There is only one 'consumer' of HBM1 now ( so fewer HBM 4-Hi buy the discounts aren't as good) and a substantially more expensive card isn't going to make much headway with Fiji.

It makes far more sense for AMD to work on asynchronous/concurrent main memory to HBM data tranfers using the "extra" bandwidth they have that the current cores can't use. That is a better spend than on super expensive RAM variant.
Would the additional memory require a change to Fiji, as in some modifications to the memory controller on the die to address the additional memory? If it were possible, AMD could come out with a professional version of the card which typically have >= 8 GB of memory and a significant cost increase. Otherwise, AMD tends not to release variants of the same architecture.
 
Yes It would need to be physically changed in order to pack 8GB of HBM.
AMD-Fiji-GPU-High-Resolution-Shot.jpg

Interposer would need to be slightly bigger and the Memory chips would have to be positioned differently.
 
There's a lot of speculation regarding 8GB in HBM1. Theoretically it should be possible, but most people set you the dogs if you say so.
Still, in case it is, I'm not sure it would change the interposer size at all. It should rise in height on the existing mem and not adding additional chips to the interposer. Correct me if I'm wrong though.
What would happen is an increase in height of the whole package, which could provide an additional challenge in cooling, efficient cooling that is. As it is, GPU and mem have different heights already, and thermal compound is used to correct this, but a lot of it usually is bad for thermal conductivity. If you add more of it, worse it gets.

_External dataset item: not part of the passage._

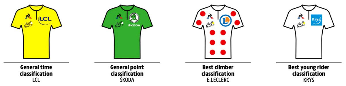 Στον Γύρο Γαλλίας, εκτός από τη γενική κατάταξη, υπάρχουν και άλλες κατατάξεις, είτε με χρόνο, είτε με πόντους. Ο αθλητής που προηγείται κάθε μέρα σε κάθε μια από αυτές, φοράει μια χαρακτηριστική φανέλα για να ξεχωρίζει. Την κίτρινη ο πρωτοπόρος της γενικής, την πράσινη ο πρωτοπόρος στη βαθμολογία των πόντων, την πουά ο πρωτοπόρος στη βαθμολογία των αναβάσεων και τη λευκή ο καλύτερος νέος αθλητής. Ας δούμε λίγο πιο αναλυτικά αυτές τις τέσσερις κατηγορίες, μαζί με δυο άλλες, μικρότερης σημασίας.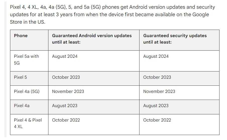 Android 13 также является последней основной версией операционной системы для Pixel 4 и 4XL. Google обязалась выпускать обновления для устройств в течение трех лет, и, согласно графику обновлений, гарантированные обновления безопасности закончились в октябре 2022 года.

On another note, anyone find news on El Cap beta 3? :)
 
I have more questions and observation about the potential of Fury to make it in a nMP, if anyone has one or read more tests than I did:

- Can it drive 3 5k displays? What about 4k displays? AMD says it has Eyefinity and can support 6 displays, without specifying the resolution.

- Could a R390 class GPU, which can go to 8GB be superior to a Fury in terms of OpenCL compute perf? The memory bandwidth of the Fury is 512GB/s whereas that of the R390 is 384GB/s.

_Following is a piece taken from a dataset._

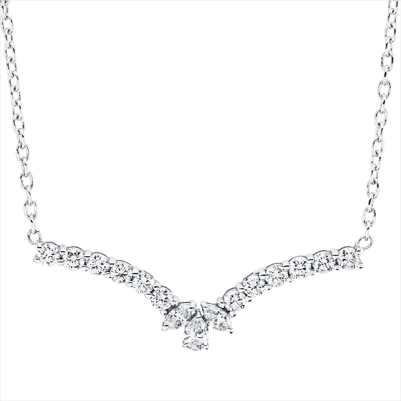 Collier 18 kt WG, 1 Tropfen 0,10 ct, TW-vsi, 2 Nav. 0,13 ct, TW-vsi, 12 Brill. 0,54 ct, TW-si

I ask that last question because right now the D500s have 3GB of RAM and the D700s have 6GB. I can see Apple tailoring an hypothetical Fury-based D510 to 3GB (or 4GB), but I have a hard time seeing them going from a 6GB D700 down to a 4GB D710. They would need a black-hole class reality distortion field from marketing.

- Would it make sense in term of performance and market segmentation to make a D510 with Fury @ 3GB, discontinue the D700 and replace it with a D610 with Fury at 4GB? And say "we'll release a D700 / D800 class in 6 month with HBM2".
 
Relevant to the discussion is this forum post here, where someone tries to limit the power consumption of a Fury X to potential Fury Nano limits and sees very little decrease in performance. The catch here is I don't see any great measures of power consumption, so who knows if limiting power through the graphics drivers is actually doing anything.
It turns out that post may be wrong. BIOS in Fury X says the TDP for that card is 275W. So reducing it by 40% gets it to around... 175W. Exactly the same as Fury Nano. What staggers me is reducing TDP by 100W reduced the max clock by only 15 MHz. Also the power consumption is nearly ideally reflected in the effects, because even if Fury X has 275W at stock on average it draws 246W http://tpucdn.com/reviews/AMD/R9_Fury_X/images/power_average.gif
Peaks at 280W. It makes sense.

However, I think I know why AMD did not pushed Fiji GPUs even further. It is because I believe they are worried about VRMs on the GPU. They can get to 100 degrees at water cooling. And that can be a problem, even if they are designed to get to 150 degrees C. For those who don't know VRM's are Voltage Regulators. Now you can see why AMD blocked at first the ability to change voltage.
 
It turns out that post may be wrong. BIOS in Fury X says the TDP for that card is 275W. So reducing it by 40% gets it to around... 175W. Exactly the same as Fury Nano. What staggers me is reducing TDP by 100W reduced the max clock by only 15 MHz. Also the power consumption is nearly ideally reflected in the effects, because even if Fury X has 275W at stock on average it draws 246W http://tpucdn.com/reviews/AMD/R9_Fury_X/images/power_average.gif
Peaks at 280W. It makes sense.

However, I think I know why AMD did not pushed Fiji GPUs even further. It is because I believe they are worried about VRMs on the GPU. They can get to 100 degrees at water cooling. And that can be a problem, even if they are designed to get to 150 degrees C. For those who don't know VRM's are Voltage Regulators. Now you can see why AMD blocked at first the ability to change voltage.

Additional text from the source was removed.